▶ _Dataset excerpts_:
((

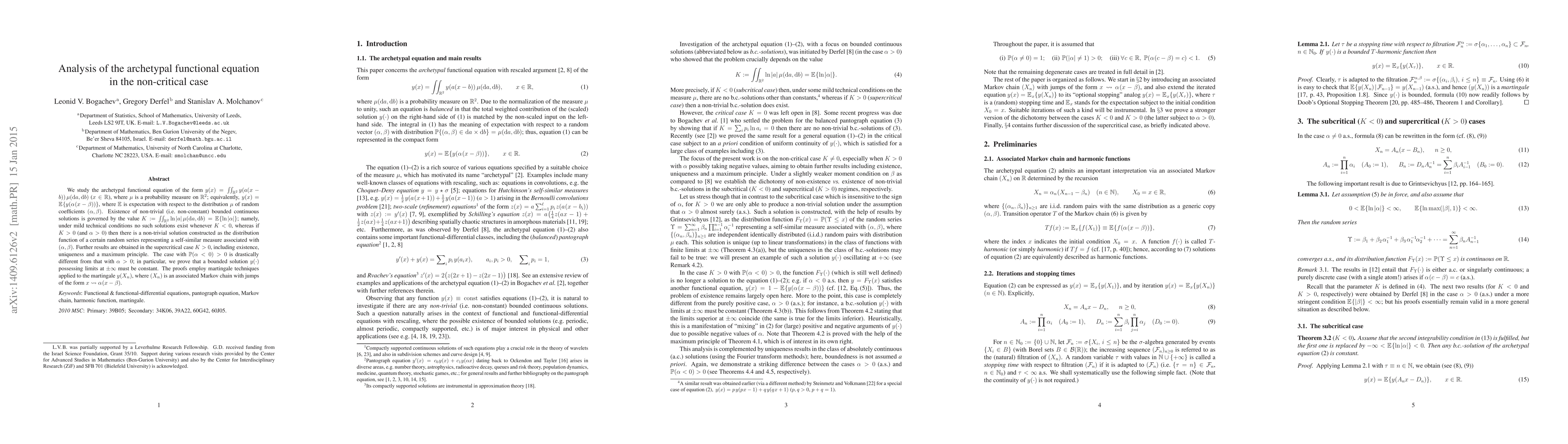 We study the archetypal functional equation of the form $y(x)=\iint_{\mathbb{R}^2} y(a(x-b))\,\mu(\mathrm{d}a,\mathrm{d}b)$ ($x\in\mathbb{R}$), where $\mu$ is a probability measure on $\mathbb{R}^2$; equivalently, $y(x)=\mathbb{E}\{y(\alpha(x-\beta))\}$, where $\mathbb{E}$ is expectation with respect to the distribution $\mu$ of random coefficients $(\alpha,\beta)$. Existence of non-trivial (i.e., non-constant) bounded continuous solutions is governed by the value $K:=\iint_{\mathbb{R}^2}\ln|a|\,\mu(\mathrm{d}a,\mathrm{d}b)=\mathbb{E}\{\ln|\alpha|\}$; namely, under mild technical conditions no such solutions exist whenever $K<0$, whereas if $K>0$ (and $\alpha>0$) then there is a non-trivial solution constructed as the distribution function of a certain random series representing a self-similar measure associated with $(\alpha,\beta)$. Further results are obtained in the supercritical case $K>0$, including existence, uniqueness and a maximum principle. The case with $\mathbb{P}(\alpha<0)>0$ is drastically different from that with $\alpha>0$; in particular, we prove that a bounded solution $y(\cdot)$ possessing limits at $\pm\infty$ must be constant. The proofs employ martingale techniques applied to the martingale $y(X_n)$, where $(X_n)$ is an associated Markov chain with jumps of the form $x\rightsquigarrow\alpha(x-\beta)$.
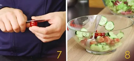 Lavate le ciliegie, privatele del picciolo e tagliatele a metà (7) per snocciolarle più facilmente. Aggiungete le ciliegie all'insalata di cetrioli (8) e mescolate il tutto affinché si insaporiscano a vicenda.
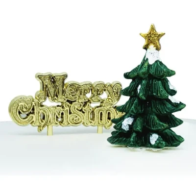 Anniversary House Green Tree Resin Cake Topper & Merry Christmas Motto
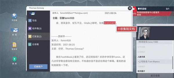 6、打开【邮箱】,登录目标人物的邮箱。查看【已发送】邮件,收集Hitalk账号【903020405】。查看【收件箱】邮件,收集部门负责人姓名【Tom Blanco】。
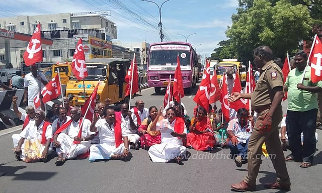 இதனைத்தொடர்ந்து வெங்கடேசபுரம் பிரதான சாலையில் கம்யூனிஸ்டு கட்சியினர் மறியலில் ஈடுபட்டனர். இதையடுத்து மாநில கட்டுப்பாட்டுக்குழு உறுப்பினர் வீர.ஞானசேகரன், ராஜூ, ஒன்றிய செயலாளர் முத்துசாமி, ஏ.ஐ.டி.யூ.சி. தொழிற்சங்க மாவட்ட தலைவர் ஜெயராமன் மற்றும் 8 பெண்கள் உள்பட 28 பேரை போலீசார் கைது செய்தனர்.
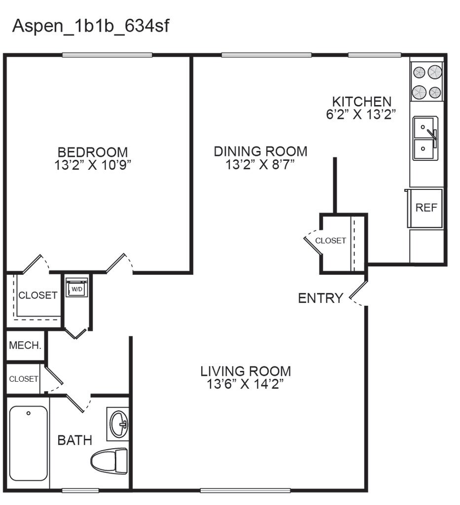 Apartment Model: The Aspen$1,2991 Bedroom, 1 Bath, 634 sq ftUnavailable![]()
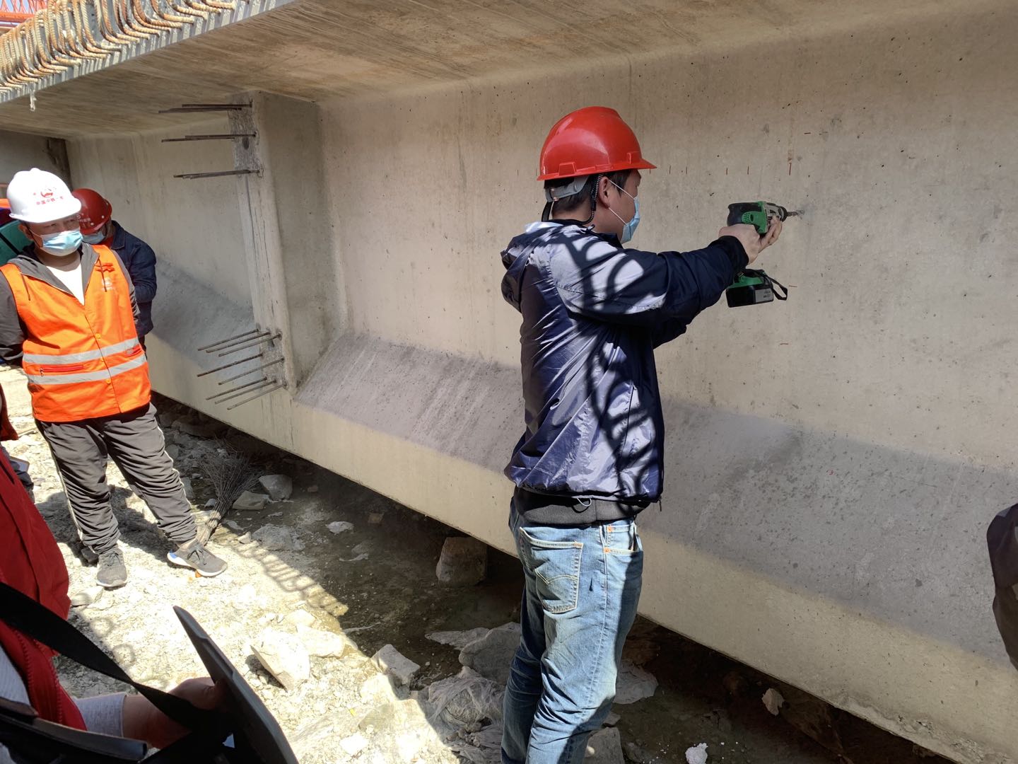 工程實(shí)體質(zhì)量監(jiān)督檢測(cè)工作由檢測(cè)一部實(shí)施,檢測(cè)工作的內(nèi)容為預(yù)應(yīng)力橋梁墩柱、梁板的實(shí)體檢測(cè)。我部門接到檢測(cè)任務(wù)后,安排技術(shù)力量強(qiáng)、業(yè)務(wù)精、檢測(cè)經(jīng)驗(yàn)豐富的專業(yè)技術(shù)人員組建了4人的檢測(cè)小組,提前與參建各方聯(lián)系,收集工程資料,全面了解和掌握工程特點(diǎn)和難點(diǎn),詳細(xì)編制了質(zhì)量監(jiān)督檢測(cè)方案。檢測(cè)小組于4月7日奔赴項(xiàng)目現(xiàn)場(chǎng),輾轉(zhuǎn)金華、麗水、臺(tái)州三地,并于4月11日完成全部實(shí)體檢測(cè)工作。檢測(cè)小組后續(xù)將按照委托要求及時(shí)出具檢測(cè)報(bào)告,按時(shí)提交本次質(zhì)量監(jiān)督檢測(cè)的全部資料。
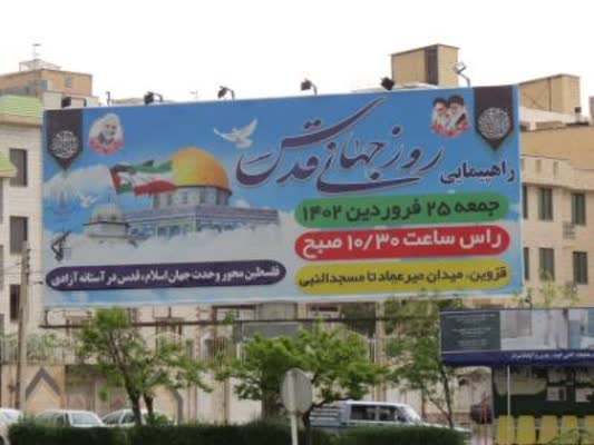 منجم، مدیرعامل سازمان زیباسازی شهرداری قزوین گفت: در آستانه فرا رسیدن روز جهانی قدس، این سازمان اقدام به فضاسازی شهر با نصب بنر بر روی سازه های پرتابل با موضوع روز قدس و دعوت مردم به شرکت در راهپیمایی این روز کرد.

))

▶ _Description of the task_: Repeat the entries faithfully. Any picture gets left out.

▶ _Result of this task_:
 We study the archetypal functional equation of the form $y(x)=\iint_{\mathbb{R}^2} y(a(x-b))\,\mu(\mathrm{d}a,\mathrm{d}b)$ ($x\in\mathbb{R}$), where $\mu$ is a probability measure on $\mathbb{R}^2$; equivalently, $y(x)=\mathbb{E}\{y(\alpha(x-\beta))\}$, where $\mathbb{E}$ is expectation with respect to the distribution $\mu$ of random coefficients $(\alpha,\beta)$. Existence of non-trivial (i.e., non-constant) bounded continuous solutions is governed by the value $K:=\iint_{\mathbb{R}^2}\ln|a|\,\mu(\mathrm{d}a,\mathrm{d}b)=\mathbb{E}\{\ln|\alpha|\}$; namely, under mild technical conditions no such solutions exist whenever $K<0$, whereas if $K>0$ (and $\alpha>0$) then there is a non-trivial solution constructed as the distribution function of a certain random series representing a self-similar measure associated with $(\alpha,\beta)$. Further results are obtained in the supercritical case $K>0$, including existence, uniqueness and a maximum principle. The case with $\mathbb{P}(\alpha<0)>0$ is drastically different from that with $\alpha>0$; in particular, we prove that a bounded solution $y(\cdot)$ possessing limits at $\pm\infty$ must be constant. The proofs employ martingale techniques applied to the martingale $y(X_n)$, where $(X_n)$ is an associated Markov chain with jumps of the form $x\rightsquigarrow\alpha(x-\beta)$.
 Lavate le ciliegie, privatele del picciolo e tagliatele a metà (7) per snocciolarle più facilmente. Aggiungete le ciliegie all'insalata di cetrioli (8) e mescolate il tutto affinché si insaporiscano a vicenda.
 Anniversary House Green Tree Resin Cake Topper & Merry Christmas Motto
 6、打开【邮箱】,登录目标人物的邮箱。查看【已发送】邮件,收集Hitalk账号【903020405】。查看【收件箱】邮件,收集部门负责人姓名【Tom Blanco】。
 இதனைத்தொடர்ந்து வெங்கடேசபுரம் பிரதான சாலையில் கம்யூனிஸ்டு கட்சியினர் மறியலில் ஈடுபட்டனர். இதையடுத்து மாநில கட்டுப்பாட்டுக்குழு உறுப்பினர் வீர.ஞானசேகரன், ராஜூ, ஒன்றிய செயலாளர் முத்துசாமி, ஏ.ஐ.டி.யூ.சி. தொழிற்சங்க மாவட்ட தலைவர் ஜெயராமன் மற்றும் 8 பெண்கள் உள்பட 28 பேரை போலீசார் கைது செய்தனர்.
 Apartment Model: The Aspen$1,2991 Bedroom, 1 Bath, 634 sq ftUnavailable![]()
 工程實(shí)體質(zhì)量監(jiān)督檢測(cè)工作由檢測(cè)一部實(shí)施,檢測(cè)工作的內(nèi)容為預(yù)應(yīng)力橋梁墩柱、梁板的實(shí)體檢測(cè)。我部門接到檢測(cè)任務(wù)后,安排技術(shù)力量強(qiáng)、業(yè)務(wù)精、檢測(cè)經(jīng)驗(yàn)豐富的專業(yè)技術(shù)人員組建了4人的檢測(cè)小組,提前與參建各方聯(lián)系,收集工程資料,全面了解和掌握工程特點(diǎn)和難點(diǎn),詳細(xì)編制了質(zhì)量監(jiān)督檢測(cè)方案。檢測(cè)小組于4月7日奔赴項(xiàng)目現(xiàn)場(chǎng),輾轉(zhuǎn)金華、麗水、臺(tái)州三地,并于4月11日完成全部實(shí)體檢測(cè)工作。檢測(cè)小組后續(xù)將按照委托要求及時(shí)出具檢測(cè)報(bào)告,按時(shí)提交本次質(zhì)量監(jiān)督檢測(cè)的全部資料。
 منجم، مدیرعامل سازمان زیباسازی شهرداری قزوین گفت: در آستانه فرا رسیدن روز جهانی قدس، این سازمان اقدام به فضاسازی شهر با نصب بنر بر روی سازه های پرتابل با موضوع روز قدس و دعوت مردم به شرکت در راهپیمایی این روز کرد.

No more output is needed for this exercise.